We don’t get to pick and choose.

 
NATE UPDATE: More TNC on moving forward

Here’s what TNC actually thinks about “moving forward”

There’s a bar in the East Village that offers five shots of anything for ten bucks. I’m going there tonight, and taking 10 shots of anything the crowd reccommends. Then I’m going to stand on the street soliciting random women for sex. Should I be arrested I shall have the perfect rejoinder, “Officer, I think we should focus on looking forward.” Should I be slapped, I’ll have the perfect rebuttal, “Baby, I think we really should be focused on looking forward.” Should I succeed and come home, hung-over, and have to face my spouse’s accusing eyes, I shall be armed with the perfect riposte, “This relationship should focus on looking forward.”

 
This post originally appeared on Starboard Broadside.

“CIA official: no proof harsh techniques stopped terror attacks”
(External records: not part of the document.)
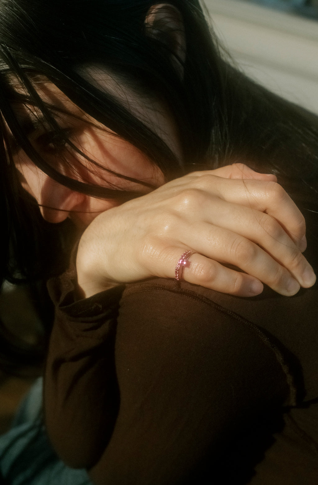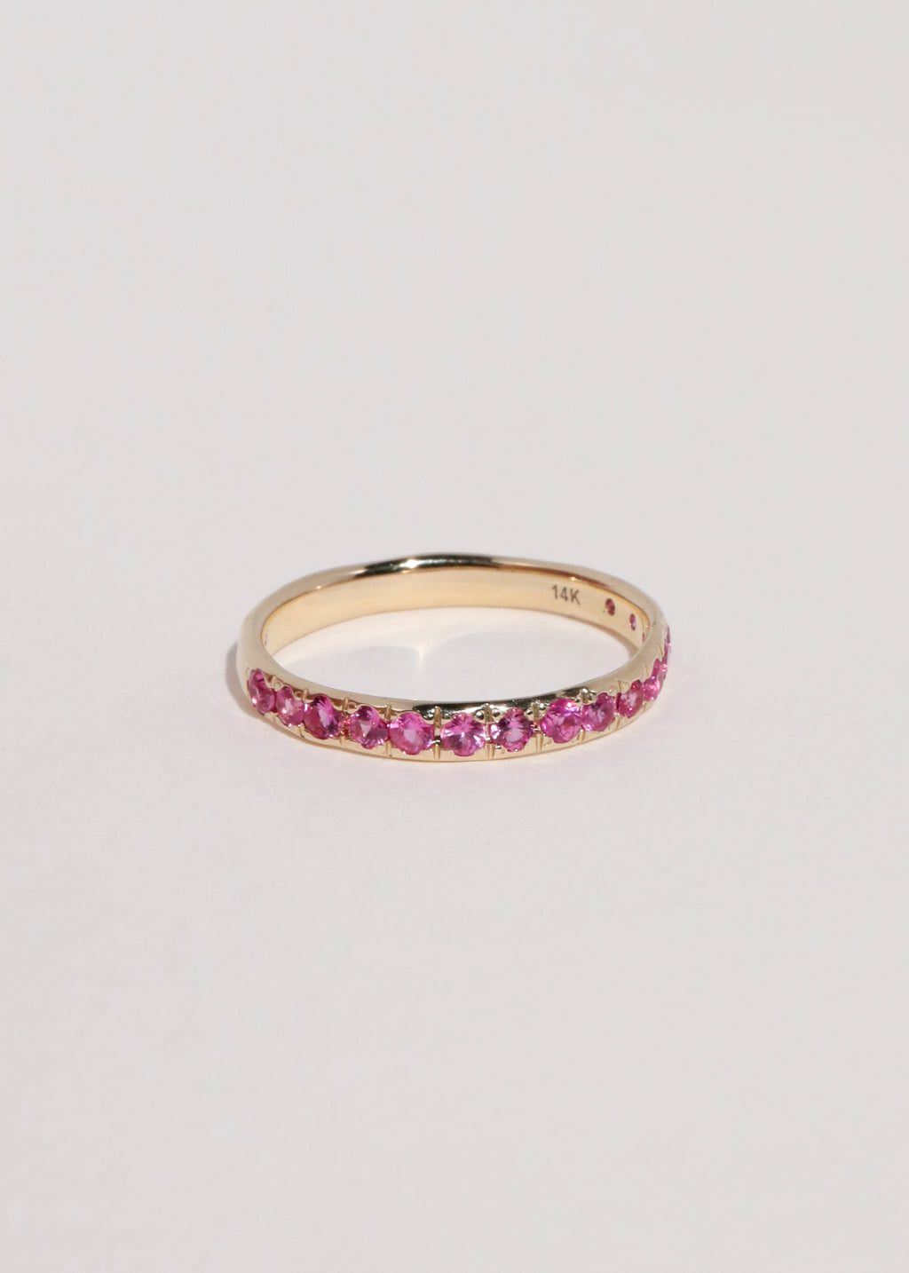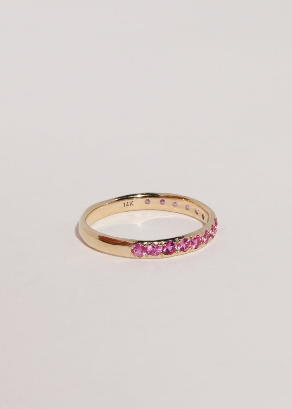 A 3mm textured band with 2mm pave set pink sapphires in 14k yellow gold. This style cannot be resized due to the unique design of this ring.
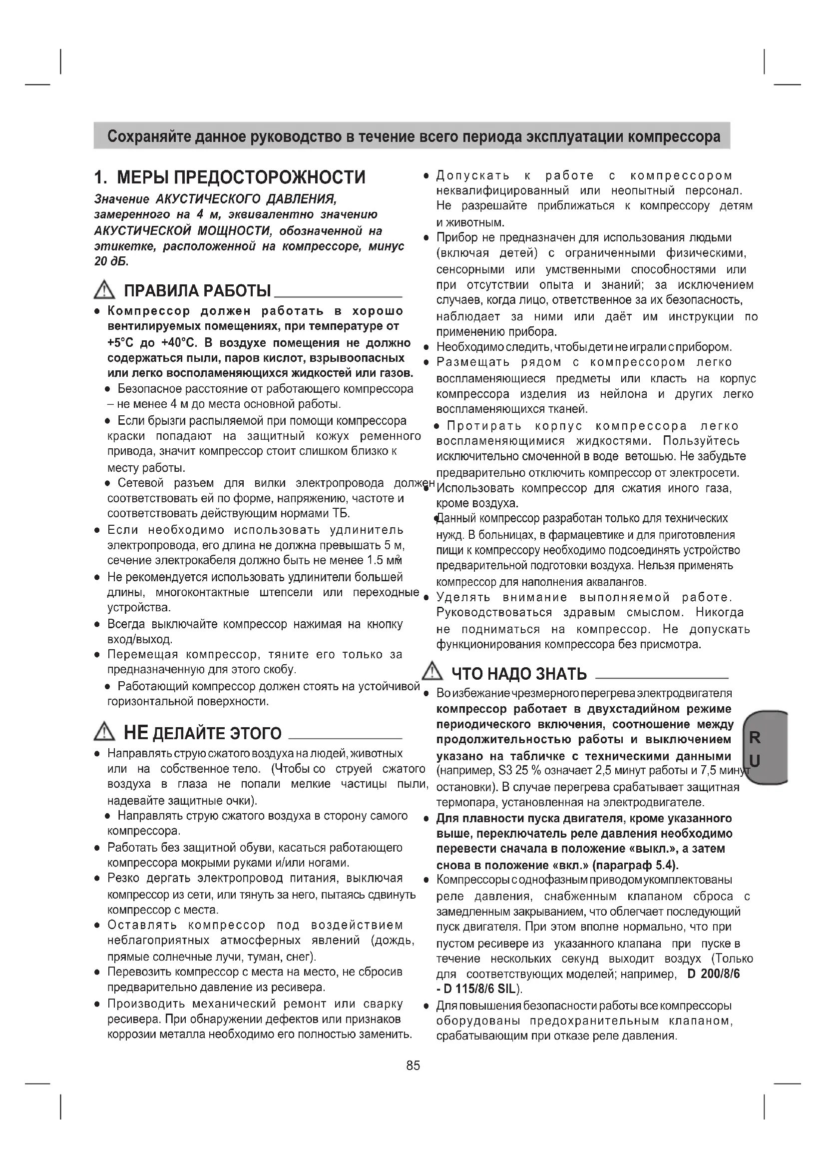 Сохраняйте данное руководство в течение всего периода эксплуатации компрессора
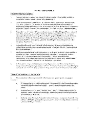 REGULAMIN PROMOCJI POSTANOWIENIA OGÓLNE 1. Promocja będzie prowadzona pod nazwą „Trzy Znaki Smaku. Poznaj polskie produkty z europejskimi znakami jakości” (zwana dalej „Promocją”). 2. Organizatorem promocji jest Sopexa S.A. Oddział w Polsce, z siedzibą w Warszawie (02133), Aleja Krakowska 271, wpisana do rejestru przedsiębiorców Krajowego Rejestru Sądowego przez Sąd Rejonowy dla m.st. Warszawy w Warszawie XIII Wydział Gospodarczy Krajowego Rejestru Sądowego pod numerem KRS 98427 (zwana dalej „Organizatorem”). 3. Akcja odbywać się będzie w 15 supermarketach (zwanych dalej „Sklepami”) prowadzonych przez Alma Market S.A. z siedzibą w Krakowie (30-964) przy ul. Pilotów 6, wpisaną do rejestru przedsiębiorców Krajowego Rejestru Sądowego przez Sąd Rejonowy dla KrakowaŚródmieścia w Krakowie XI Wydział Gospodarczy Krajowego Rejestru Sądowego pod numerem KRS 19474 (zwanej dalej „Alma”) (lista Sklepów stanowi Załącznik nr 1 do niniejszego Regulaminu). 4. Uczestnikiem Promocji może być każda pełnoletnia osoba fizyczna, posiadająca pełną zdolność do czynności prawnych, dokonująca zakupu w Sklepach objętych Promocją (zwana dalej „Uczestnikiem”). 5. Sprzedaż towarów objętych Promocją odbędzie się w Sklepach w dniach 22 października – 4 listopada 2015 roku. Sprzedażą promocyjną objęte są produkty z europejskimi znakami jakości ChOG (Chronione Oznaczenie Geograficzne), ChNP (Chroniona Nazwa Pochodzenia), GTS (Gwarantowana Tradycyjna Specjalność), zwane dalej „Produktami” (lista Produktów stanowi Załącznik nr 2 do niniejszego Regulaminu). 6. W Promocji nie mogą uczestniczyć pracownicy Organizatora oraz Alma oraz podmiotów zaangażowanych w organizację i przeprowadzenie Promocji, a także członkowie najbliższych rodzin tych pracowników. Przez członków rodziny rozumie się: rodzeństwo oraz małżonków. ZASADY PROWADZENIA PROMOCJI 7. Aby wziąć udział w Promocji Uczestnik zobowiązany jest spełnić łącznie następujące warunki: a. W okresie od dnia 22 października do dnia 4 listopada 2015 roku Uczestnik zakupi co najmniej 2 dowolne, ale różne Produkty i zachowa paragony dokumentujące ten zakup; b. Uczestnik zgłosi się do Biura Obsługi Klienta („BOK”) Sklepu biorącego udział w Promocji i okaże paragony dokumentujące zakup co najmniej 1 dowolnego Produktu pracownikowi BOK Sklepu; c. Za każdy zakup 3 różnych Produktów udokumentowany 1 paragonem Uczestnik może odebrać w BOK Sklepu nagrodę w postaci przewodnika w twardej okładce (110 stron) „Szlakiem Dobrego Smaku”; 1 d. Za każdy zakup 2 różnych Produktów udokumentowany 1 paragonem Uczestnik może otrzymać w BOK Sklepu nagrodę w postaci broszury w miękkiej okładce (62 strony) „Szlakiem Dobrego Smaku”. e. Za każdy zakup 1 Produktu udokumentowany 1 paragonem Uczestnik może otrzymać w BOK Sklepu nagrodę w postaci torby bawełnianej Trzy znaki smaku. 8. Po wydaniu Uczestnikowi nagrody w Promocji pracownik BOK Sklepu napisze na paragonie wydanym Uczestnikowi „WN”, co oznaczać będzie, że Nagroda została wydana. W przypadku, gdy Uczestnik nie odbierze nagrody w Promocji w terminie do dnia 5 listopada 2015 roku uznaje się, że Uczestnik zrzekł się prawa do nagrody (odbiór nagrody po dniu 5 listopada 2015 roku jest niemożliwy) 9. Każdy Uczestnik może odebrać dowolną liczbę nagród, jeżeli spełnia wszystkie wymogi zawarte w pkt 7 niniejszego Regulaminu (do wyczerpania zapasów nagród – ilość nagród została określona w pkt 11. Regulaminu poniżej). NAGRODY 10. Nagrody są dostępne do wyczerpania zapasów. 11. Gwarantowana ilość nagród (w 15 Sklepach): - Przewodniki w twardej okładce „Szlakiem Dobrego Smaku” 900 szt. o wartości 20 zł/sztukę, czyli o łącznej wartości 18000 zł; - Broszury w miękkiej okładce „Szlakiem Dobrego Smaku” 4200 szt. o wartości 11,50 zł/sztukę, czyli o łącznej wartości 48300zł - Torby bawełniane 1500szt o wartości 10zł/sztukę, czyli o łącznej wartości 15000zł POSTANOWIENIA KOŃCOWE 12. Odbiorcy nagrody nie przysługuje prawo do zastrzeżenia szczególnych właściwości nagrody ani do otrzymania jej ekwiwalentu (pieniężnego, rzeczowego). 13. W Promocji biorą udział wyłącznie oryginalne paragony. Poza innymi zapisami w niniejszym Regulaminie paragony podrobione, przerobione, zniszczone lub uszkodzone w sposób uniemożliwiający weryfikację ich autentyczności nie uprawniają do udziału w Promocji. 14. W razie utraty lub zniszczenia paragonu Uczestnikowi nie przysługują żadne roszczenia wobec Organizatora. 15. Uczestnik Promocji poprzez fakt przystąpienia do Promocji wyraża zgodę na wykorzystanie i przetwarzanie przez Organizatora jego danych osobowych na potrzeby przeprowadzenia Promocji na warunkach określonych w ustawie z dnia 29 sierpnia 1997 r. o ochronie danych osobowych. Podanie danych przez Uczestników jest dobrowolne. Każdy Uczestnik ma prawo wglądu w swoje dane oraz prawo ich poprawiania i usuwania. Administratorem danych osobowych Uczestników jest Organizator. 2 16. Wszystkie treści zawarte w materiałach reklamowo-promocyjnych mają charakter jedynie informacyjny. Moc prawną mają jedynie postanowienia niniejszego Regulaminu i obowiązujące przepisy prawa. 17. W kwestiach nieuregulowanych w niniejszym Regulaminie mają zastosowanie przepisy Kodeksu cywilnego. 18. Reklamacje związane z Promocją mogą być składane na adres Organizatora. Reklamacje rozpatrzone zostaną w terminie 7 dni kalendarzowych od daty ich otrzymania przez Organizatora. O decyzji Organizatora Uczestnik zostanie powiadomiony listem poleconym wysłanym na adres podany w reklamacji w terminie 7 dni od daty otrzymania reklamacji przez Organizatora. Po wyczerpaniu postępowania reklamacyjnego Uczestnikowi przysługuje prawo dochodzenia roszczeń w sądzie powszechnym. 19. Regulamin Promocji dostępny jest w siedzibie Organizatora, na stro

Oh? That headline comes from McClatchy DC:

WASHINGTON — The CIA inspector general in 2004 found that there was no conclusive proof that waterboarding or other harsh interrogation techniques helped the Bush administration thwart any “specific imminent attacks,” according to recently declassified Justice Department memos.

That undercuts assertions by former vice president Dick Cheney and other former Bush administration officials that the use of harsh interrogation tactics including waterboarding, which is widely considered torture, was justified because it headed off terrorist attacks.

 
Unsurprising. Didn’t know it had been found codified yet in an official document. There was a Bush speech in 2006 that explains that a foiled 2002 plot was later identified by torturing KSM in 2003, suggesting that some information was gained but not anything vital or time-sensitive that stopped an attack. The 183 waterboardings just explained to the CIA which plot had been stopped previously by a local arrest of an Al Qaeda agent.

By the way, I skimmed and read parts of the 2005 Bradbury memo, which the McClatchy article above mentions later as citing (and contradicting) the 2004 memo. I didn’t get to that part yet, but I’ll check into it.